The file workflow.xml renders your workflow’s input form, defines its inputs, and tells the PW platform how to execute and cancel jobs. A PW workflow.xml has a nested structured: it’s made up of sections, which are made up of parameters, which are made up of parameter items.

Compare the XML data on the left from our Workflow Tutorial repository with the rendered workflow UI form on the right to see the relationship between workflow.xml and your workflow’s UI form:

A side-by-side view of the workflow.xml files and how it renders as a workflow's UI form.

Please note that this screenshot contains a simplified workflow.xml file; for the full list of XML parameters and items, see this example file in our GitHub repository Workflow Tutorial.

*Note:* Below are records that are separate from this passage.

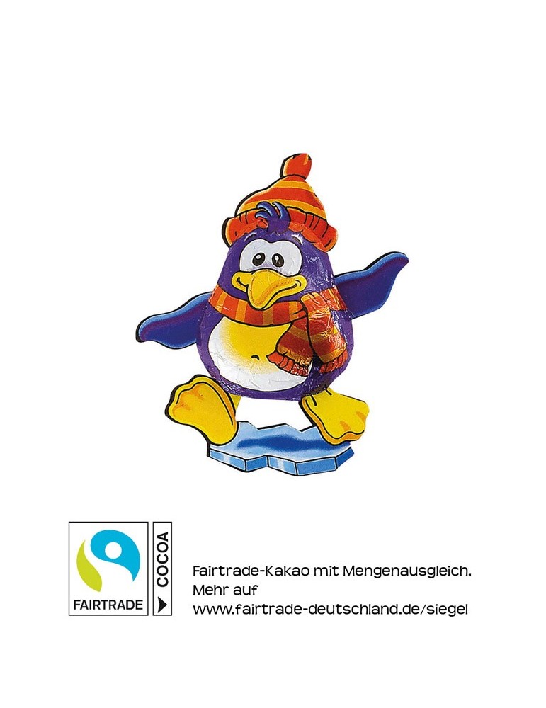 Schokoladen-Pinguin on the rocks in bedruckter Folie. Fairtrade Edelvollmilchschokolade, mindestens 33% Kakao.
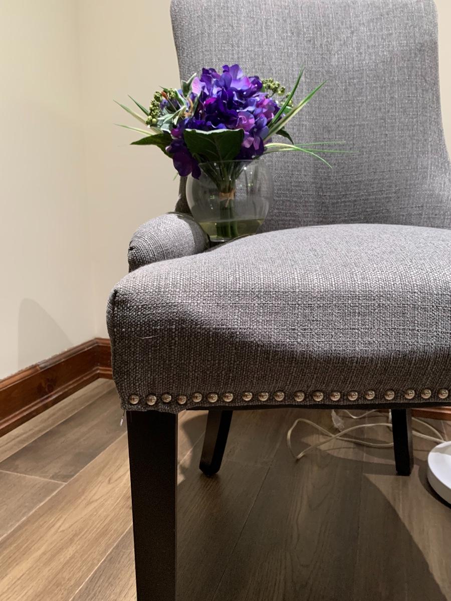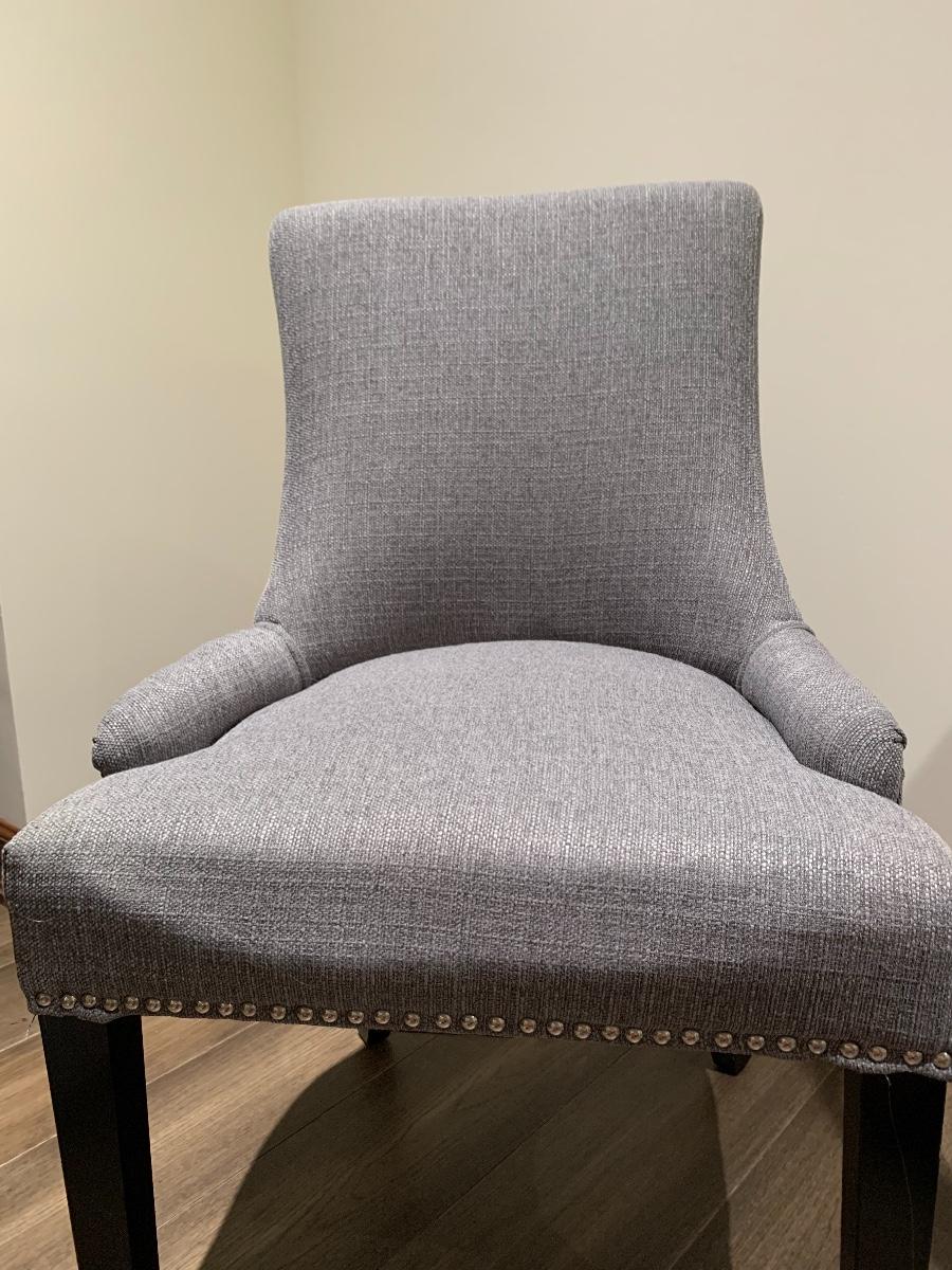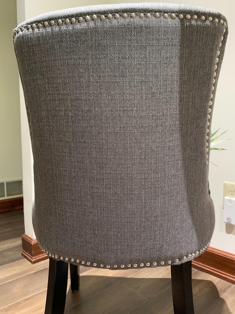 Lot 283:  Gray Studded Upholster Accent Chair with White Floor Lamp
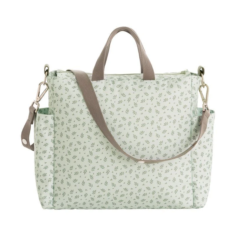 Se puede llevar colgado al hombro o colgar del carrito del bebé. Con bolsillos interiores y exteriores para facilitar el orden.
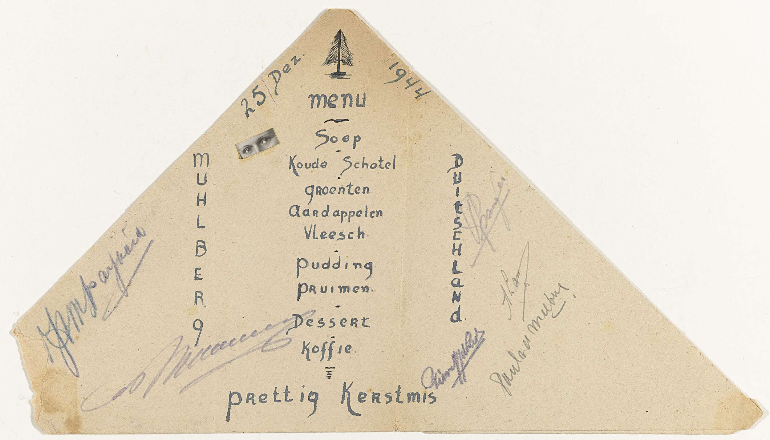 Kerstmenu, 25 december 1944, van een diner in het krijgsgevangenen kamp Stalag IV B in Mühlberg a/d Elbe uit het bezit van D. van Maarseveen
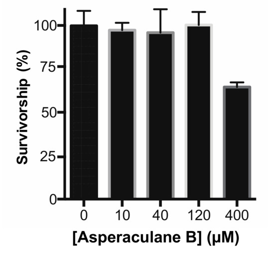 Finally, we analyzed the cytotoxicity of asperaculane B as an initial step to understand its molecular mechanism and develop a drug. Asperaculane B was added into human embryonic kidney 293 (HEK293) cell culture. After incubation for 24 h, MTT (3-(4,5-dimethylthiazol-2-yl)-2,5-diphenyltetrazolium bromide) assay showed no significant cytotoxic effects of this compound at the concentrations of ≤120 μM (Figure 8). A substantial reduction in cellular growth was detected only when the level increased to 400 μM. Notably, the 40 μM compound was able to inhibit malaria transmission in mosquitoes completely.

When creating a workflow.xml file, you must include these tags:

<tool> flags the file as containing scripts and/or commands (rather than only information because XML can be used to create a plain-text file, similar to Markdown or HTML).
<command> denotes what will run when you click Execute in the workflow form. You can combine this tag with interpreter to call a main script.
- Please note that this tag can only be used once (so only one script or file can be included).
<inputs> creates a section where you can configure input methods, which are denoted with the <param> tag. Please see Input Configuration below for more information.

Optionally, you can include these tags (not pictured in the example file above):

<cancel> denotes the command that stops a running workflow. You can combine this tag with interpreter to call a cancel script.
<section> creates a section break in your workflow form. You can customize a section heading with these options:
- name assigns a unique name to your section.
- type indicates the section type (this is almost always set as section).
- title creates a heading for your section.
- expanded indicates whether the section is expanded by default; pair this item with false if you want the section to be minimized or true if you want it to be expanded.

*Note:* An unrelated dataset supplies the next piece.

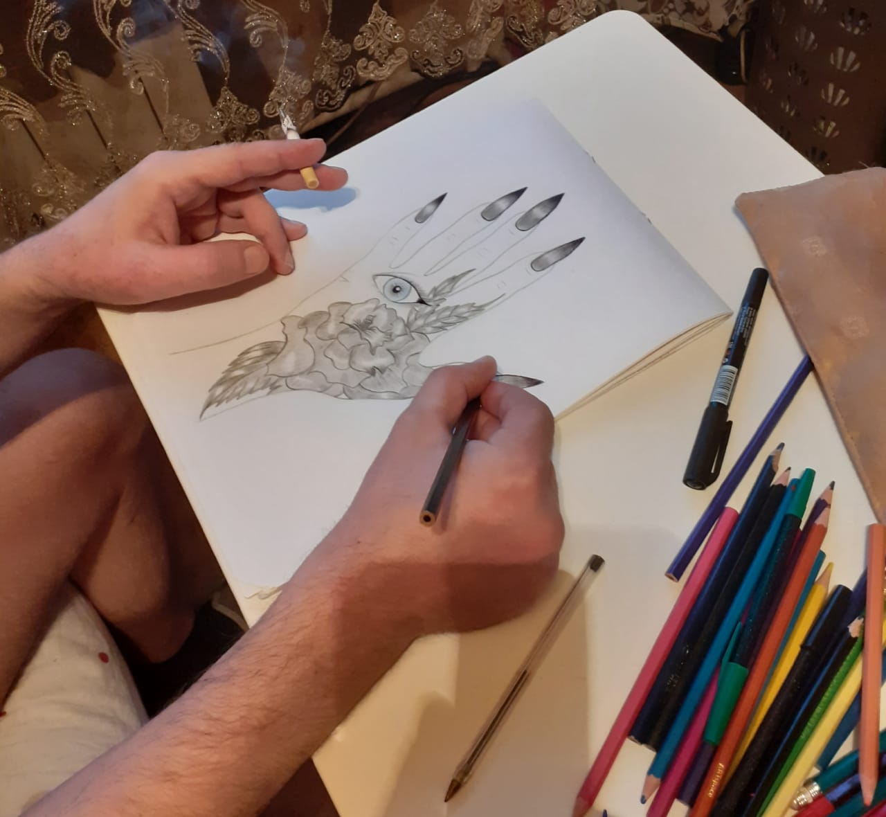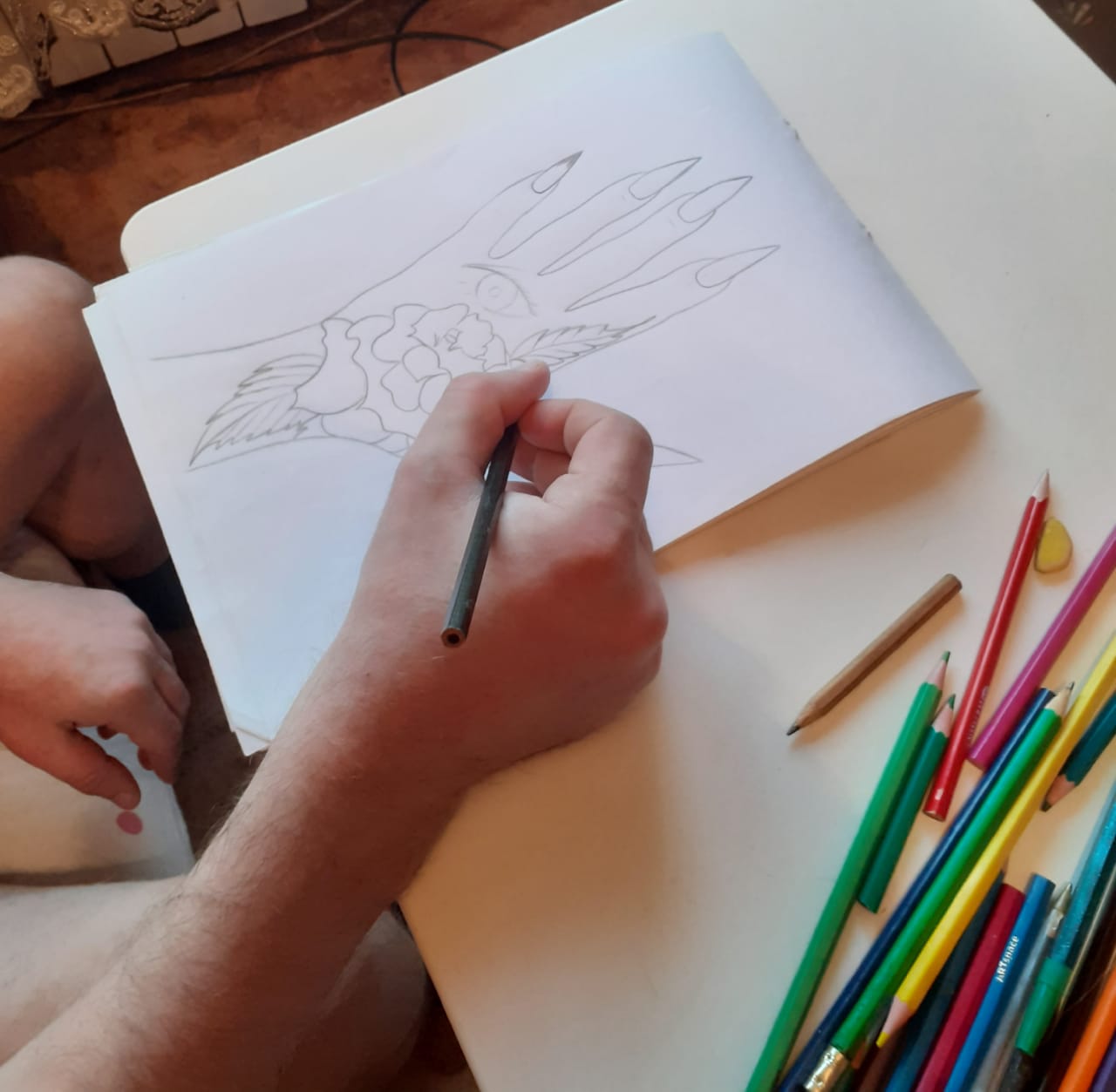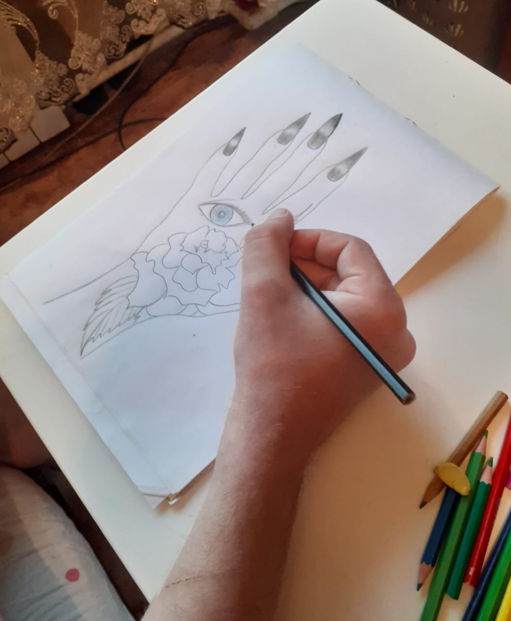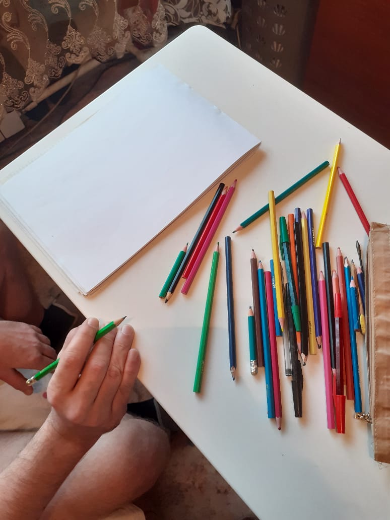подготовка к работе и работа..процесс листы а4 ,восковые карандаши...

When configuring your workflow’s input options, you must include the following items inside the <param> and </param> flags:

name assigns a unique name to your parameter.
type denotes the kind of parameter, which can be:
- computeResource for a dropdown menu that lets users select their workspace or any running resource to run the workflow. Please see this section below for more information.
- integer for a field that accepts numeric input.
- hidden for a text parameter that you can configure and hide from the workflow's input form.
- select for a dropdown menu.
- text for a field that accepts alphanumeric input.
- textarea for an expanded field that accepts alphanumeric input. This item is useful if you want to include a code box for configuration. Use /n in this field to separate lines. For example, #!/bin/bash\nline 1\nline 2 would render as:

#!/bin/bash
line 1
line 2

You can also include these optional <param> items:

help creates a tooltip bubble that offers additional guidance when moused over (as seen on the right in the screenshot above).
label changes the visible label of a parameter. Without this item, a parameter defaults to its name value.
value creates a default value for your parameter. In the screenshot above, Command To Run has a value of hostname, rather than a blank text field.
depends_on and show_if items establish conditional relationships in a parameterized system, where parameter 1 depends on parameter 2 and is only shown if parameter 2 takes the value defined in show_if. The visibility and value assignment of parameter 1 hinge on the specific value of parameter 2, as stipulated by the condition set in show_if. For example, you could set a conditional dropdown that includes options for entering different scheduler directives, depending on whether you select a resource SLURM or PBS schedulers.

About computeResource

When choosing a parameter item for type, the most important parameter option is computeResource because it lets you select any active resource for your workflow. The platform pulls information about your selected resource, including the controller node's external IP address, username, and work directory; you can then use that information to run tasks in your workflow’s main script.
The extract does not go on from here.